Meeting 1: Toys, Plays and Games
Affordances and Toys
Babbling, Enactment and Playing
Schemata and Expectations
Improvisation vs. Composition
Social / Collective aspects of music
How games describe collaboration
Musical Examples:
Mozart Dice Game, Lexicon Sonata
Trevor Wishart: Music Games
Conducted Improvisation
Walter Thompson: Sound Painting

Meeting 2: Playing games
Ballon Game – Cristyn
Computer Sound Game

Meeting 3:
Slot Machines and Memex Music
Psychology of prospect
Introduction to formal game theory
Xenaks
Evolutionary games
Game as a tool to understand music
Introduction to Cobra

Meeting 4: Game Pieces
John Zorn’s Cobra and other Game Pieces

Meeting 1: Toys, Play and Game

In the first meeting we explore different physical toys (balls, frisbees, juggling stick) for their "playability" and introduce the notion of affordances. We talk about the importance of affordances in design in reference to Gibson and Norman work. We discuss the role of learning (babbling) in discovering the playing potential of physical and sonic / musical objects.

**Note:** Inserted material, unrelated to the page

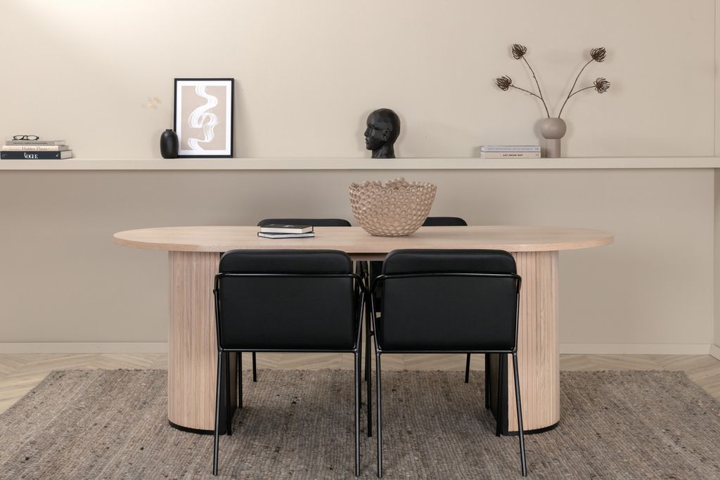 Venture Home Bianca & Polly Ovalt Matbord 200 x 90 Svart + 4 st Matstolar Svart
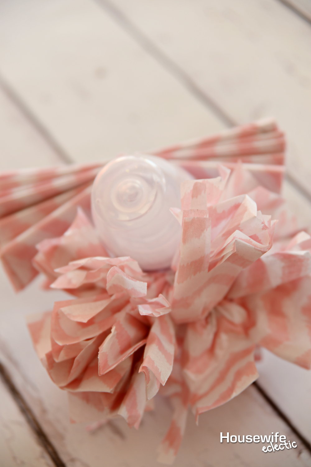 As you get more layers, you can start to pull them down more so that they look more like petals with the bottle as the center.

Next we introduce Trevor Wishart's "Sounds Fun" book and use several games to learn about sound parameters and social aspects of musical interaction. This also serves as a prepartion to Sound Painting, to be done later on during the meeting.

The importance of mental models and patterns (schemata) versus cognitive processing is demonstrated using the game of tic-tac-toe. We introduce the idea of chance and indeterminacy as a way to create variations in musical materials. This is demonstrated in two examples of chance operations- Mozart Dice Games and Essel's Lexikon Sonata. We then discuss the role of variability in traditional music versus contemporary culture.

The experience gathered allows us to discuss what we learned so far: what are the differences between toys, play and competition? How "playability" potential of a toy is discovered and why the interplay of perception and production is needed to developing ways of playing? We ask whether competition is necessary to distinguish games for play, and what aspects along the toy-play-game axis result in feelings of fun?

At the final part of the first meeting we proceed to discuss the differences between improvisation, composition and games, and introduce the concept of conducted improvisation. We learn some of the basic conducting gestures of Walter Thompson's Sound Painiting, and perform few short musical improvisations.